Parental Permission For Minor Child to attend Drop-In Teen Improv Night at Schaumburg on Stage Studio

I ______, the parent of ______(“my child”), give permission for my child to attend any scheduled Teen Improv Drop-In Nights at Schaumburg On Stage’s performing arts studio located at 1925 Wright Blvd. In Schaumburg On Stage.

In the event that a personal injury or illness occurs during event hours, I hereby authorize an adult staff member of Schaumburg On Stage to seek and consent to emergency medical attention for my child as needed in the event that I cannot be immediately available.

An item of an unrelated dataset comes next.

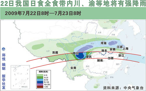 這次日全食在我國陸地范圍內共持續40多分鐘。日全食帶經過我國的西藏、云南、四川、重慶、湖北、湖南、安徽、河南、江西、江蘇、浙江和上海,共12個省、自治區或直轄市。日全食帶經過人口稠密的長江中下游地區,成都、重慶、武漢、合肥、杭州、蘇州和上海等幾個大中城市均可見全食。

I further acknowledge that any treatment reasonably rendered to my child in connection to a medical emergency shall be covered at my own expense.

I hereby release Schaumburg On Stage, its employees, agents and volunteers, from any and all liability, claims, demands, causes of action and possible causes of action whatsoever arising out of or related to any loss, damage or injury (including death) that may be sustained by my child while participating in or traveling to and from this event.

I understand that the Improv hours of operation are from 7 p.m. until 9 p.m. on each occasion that a Teen Drop-In Improv night is held, and that I/my child am/is responsible for securing transportation to and from Schaumburg On Stage Studios at 1925 Wright Blvd., Schaumburg, Illinois at the conclusion of the event or in the event that my child is dismissed from the event for unsafe or inappropriate behavior.

______

Signature of Parent and Date of Signature

(Permission slip expires one year from initial signing)

Emergency Contact Information:

Mother’s Cell Number: ______

Father’s Cell Number: ______

Home Phone Number: ______

Please list any known medical conditions or allergies that Schaumburg On Stage should be made aware of:______.

If you have any questions or in the event of an emergency, please contact Mary Alice Benoit, Executive Director of Schaumburg On Stage, at 630-632-8911.